Isatis for resource classification and confidence intervals
Classification of the resources in different categories, measured, inferred, or indicated, implies reliable calculations of the confidence level in the grade estimates, at a local scale (SMU) and at greater scales (quaterly or yearly exploitation areas).
ISATIS provides several tools to calculate reliable and realistic Confidence Intervals of these different estimates. Among them, the exclusive and rapid application Confidence Intervals.
The kriging variance is certainly not the best way to classify your deposit’s resources. There are two main reasons for this. The error distribution is unlikely to be gaussian and the kriging variance is data-independent (though greater uncertainty is expected in high grade areas than in low ones). The distribution of mining data is, by nature, skewed; standard linear Confidence Intervals are, consequently, not relevant since they are not consistent with the data.
A better approach would be to obtain the error distributions from simulations. But this is extremely time-consuming, only to get two numerical values. A shortcut involving similar hypothesis is proposed in Isatis.

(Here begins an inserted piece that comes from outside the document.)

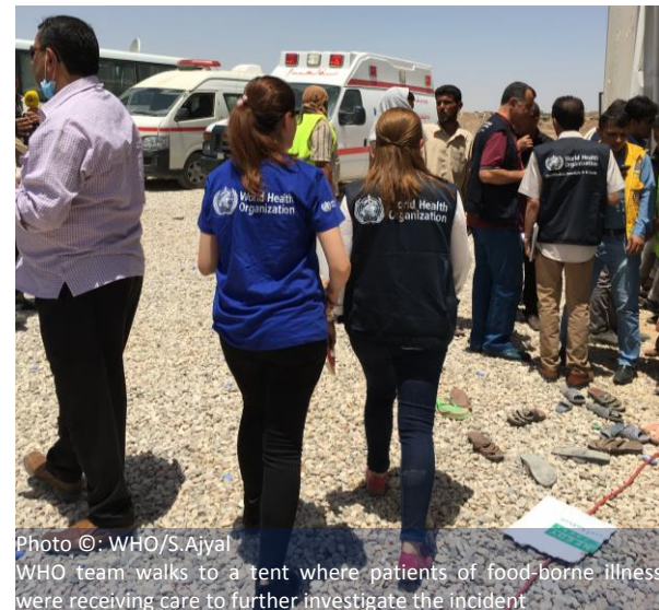
WHO team walks to a tent where patients of food-borne illness were receiving care to further investigate the incident

This original methodology was first applied in 1996 by Roth and Armstrong (from the Centre of Geostatistics of the “Ecole des Mines de Paris”) on gold grades of the Witwatersrand basin.
A more recent application has been succesfully made by Rio Tinto and has reduced drastically the time required for updating reserve classifications.
The basic idea is to use the Discrete Gaussian Model to calculate the Confidence Intervals directly from the gaussian grade estimates.
The figures above compare these Confidence Intervals to standard linear Confidence Intervals and to those derived from stochastic simulations.